Apparently, I didn’t kick the nasty cold I had before Thanksgiving break in the teeth hard enough because it’s coming back. Which is to say — my head’s a poundin’. I wanted to write a wee bit about Alison Bechdel’s book Fun Home tonight; I’ll try to be brief though.
I wrote an essay on Fun Home back in 2008, I think? (Geez that seems forever ago). I still plan on publishing it but the essay needs some significant revisions.
First of all — I LOVE this book. It’s just masterfully done. And, I’m even more psyched about her new one coming out this May: Are You My Mother? Clearly, Bechdel’s playing off of Dr. Seus’s book which I read over and over and over again as a child. I’m anxious to read this new book & her portrayal of her mother.
There are a lot of links and images I’d like to include here but wordpress is being weird about letting me do that right now. They’ve changed the format here significantly so it might just be that I need to relearn how to utilize this space. At any rate, forgive the omissions of images and whatnot.
Here’s a little excerpt from my writings on Fun Home from three years ago. Note I refer to Bechdel as the author of this work and Alison as the character she presents in it. The distinction, I think, is important:
“Nancy K. Miller observes in Fun Home that ‘From beginning to end, the father-daughter bond takes the form of a knot that cannot be untied — in life or in autobiography” (from her PMLA article pg. 543) Despite their generational and gender differences, Alison and her dad share many similarities: both grow up in the same town, share gender identifications with the opposite sex, try to foist their desired fashion sensibilities onto one another, enjoy reading literature, and experience same-sex desire. Bechdel portrays herself as having a very close relationship with her father, in spite of his impersonal nature. The first panels in Fun Home, in fact, show father-daughter playing “airplane” together. Alison turns this image of herself flying above her dad into a mythic reversal of the tale of Icarus, indicating that her father will fall instead of her. Eventually, however, Alison loses her balance and falls off the human pedestal he provides for her. Just as Miller and Bechdel herself suggest, the fate of both father and daughter in this autobiography become entangled in a knot. The relationship between Bruce’s death and Bechdel’s ending of the book is not causal.”

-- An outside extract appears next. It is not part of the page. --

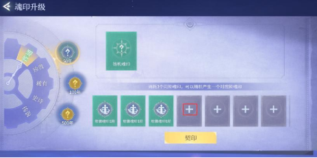 2)点击右上角的“契印”,可以消耗3个同阶魂印,随机生成一个对应阶的魂印

“Alison grows up in the same small town as her father, but instead of inheriting the cruel reality that propels him toward death, as he inherits the family funeral home, she finds a way to work through her trauma. Bechdel admits to herself and her readers that she, too, would consider taking he own life if she had to endure the same silent existence as her father. Even if only joked about, she can imagine her way out of this death wish by fantasizing about what she would like to say to her grieving mourners, if she felt the freedom to do so. That which deteriorates her father’s will to live, Alison discovers, can be altered by the imagination. The mystery of her father’s death, too, can be investigated through imaginative acts. The hybridity of the form Bechdel’s book takes, as both an autobiography as well as a graphic narrative, allows her to likewise create and mix different versions of what might have caused her father’s death. Images of Bruce working as a mortician in ‘fun home’ juxtaposed with his own funeral service in it, suggest that being trapped within close proximity to both his family and the funeral business corresponds to his desire to no longer be. Yet, the story that her grandmother repeatedly told about how her father got stuck in the mud when he was a toddler causes Alison to wonder if he had always felt that way. What compelled Bruce to jump backwards onto the highway, causing a Sunbean bread truck to literally plow him down, remains a mystery. But, Alison notes one thing for certain — he’s ‘stuck in the mud for good this time’ (54).
In one of the more dominate alternate versions of this story, her dad’s demise corresponds with her coming out as a lesbian. Alison fears her announcement ‘I am a lesbian’ cosmically altered her father’s universe, catapulting him into the middle of a highway.”
I, of course, have MUCH more to say on the subjects Bechdel brings up in her graphic memoir. But for now, I’ll leave it there. Ciao.